I'm just back from a whirlwind tour of lower Sonora, northern Sinaloa, and western Chihuahua states. I saw a lot of mining startups, many of which are reworkings of mines originally from the 16th to 19th centuries. Even in southern Arizona we are seeing the same phenomenon, particularly in copper.
Although the gold juniors and flyers are getting development funds by banks and venturers, they have a lot of competition for stock price support from the very large gold and silver metal ETF's in the US and elsewhere. Metals stock investors have long and bitter memories of the scams and failures of the 1980's and 90's, so even if penny stock traders are willing to risk it on golds as well as on techs, the gold majors are losing support as their costs rise and large portfolios get re-balanced. Holding the metals instead of always problematic stocks is appealing to those who are hedging portofolios rather than going for lottery-sized payoffs.

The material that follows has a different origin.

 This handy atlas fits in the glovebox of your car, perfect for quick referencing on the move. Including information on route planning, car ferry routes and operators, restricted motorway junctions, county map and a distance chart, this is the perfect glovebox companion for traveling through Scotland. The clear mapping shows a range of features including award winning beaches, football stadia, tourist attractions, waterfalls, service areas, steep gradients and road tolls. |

For nearly a year and a half I have expected to see a third wave high (second upwards push) from the 1999 low in gold. Gold's action has extended greatly, and the move from a year ago has comprised two thirds of the entire run from the 2001 secondary low.
From my perspective Elliott Wave is a way of describing events rather than being a highly probable predictive tool. Nevertheless it is a useful schematic diagram of where gold has been.

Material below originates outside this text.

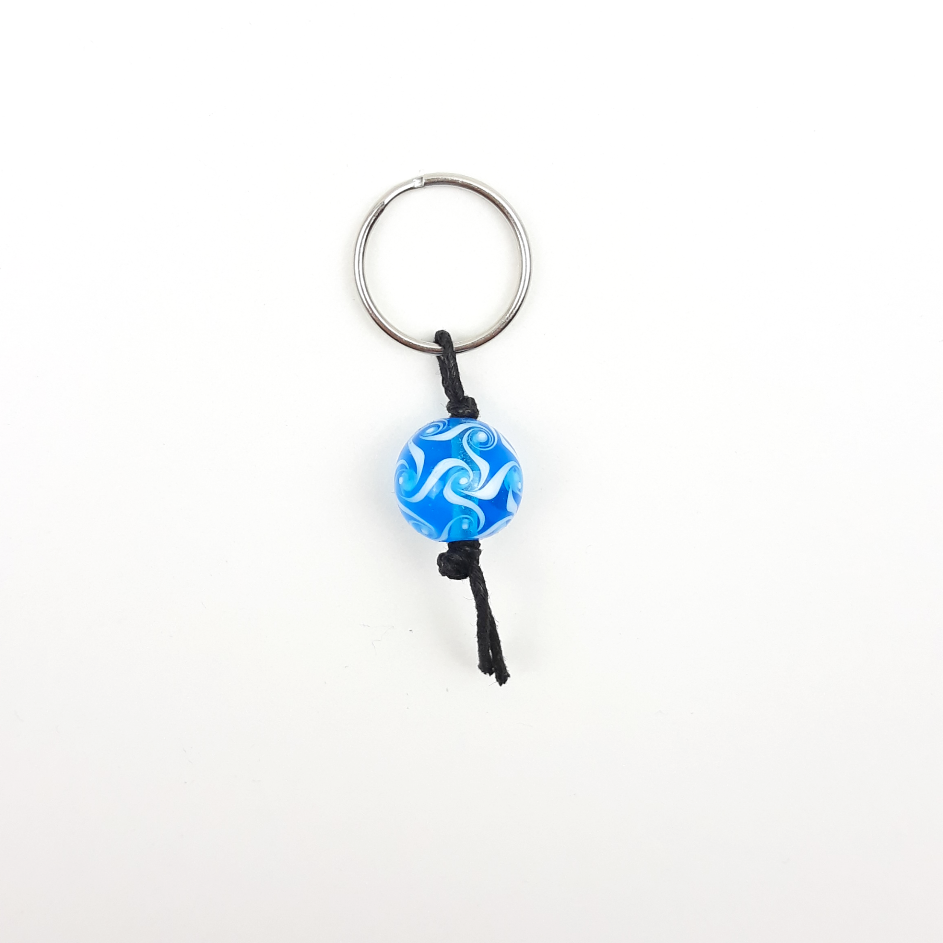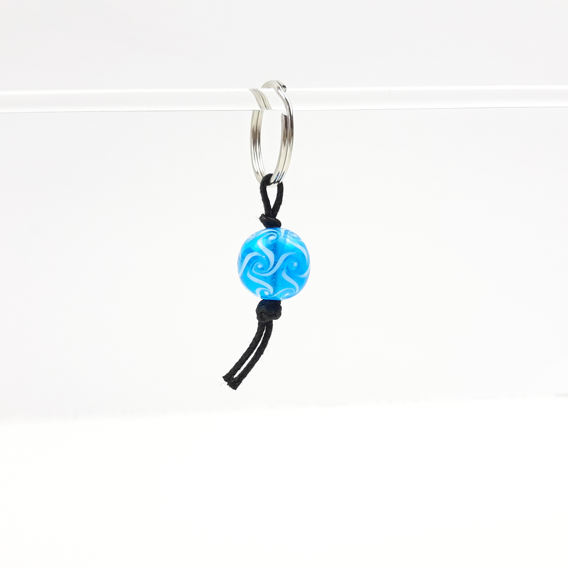 Ein Zipper oder Schlüsselanhänger aus einer handgedrehten Glasperle in transparentem hellem türkis mit weißen Wirbeln als Muster.

The first chart runs from the very large degree second wave low of 1976 to the present. The bull market from 1968 to September 1980 I have outlined in detail in this 2001 article at Gold Eagle: http://www.gold-eagle.com/editorials_01/drake043001.html
Since then we have had two major waves up with a corrective wave down from 1999 to 2001. I believe we are in a new bull market since 1999 which will likely last another 15-20 years. However, with the recent retest of the orthodox high of 720 at the September 1980 high, one must acknowledge that very long term bears have a point in calling this current spike an X or B wave in a continuing bear market.
Given convincing evidence from all markets that the Kondratieff Wave bottomed from 1998 to 2003, I give the bears very low odds.
The second chart is a closeup of the bull move from the 1999 low with my Elliott description. (The gold data are continuous one month forward COMEX gold futures.) If this labeling is correct, I would expect gold to decline at least to 560 at the end of the correction, and it could go lower during some part of the correction, and it could last many months. Recent sentiment, which I have discussed, suggests some sort of correction which may have begun this past week or two. One must be aware of the fact that runaway markets can subdivide their last wave and keep going after minor corrections, so it is never wise to close one's mind on a wave label.
I did lighten up on metals stocks in the week before last but did not and will not sell metals holdings.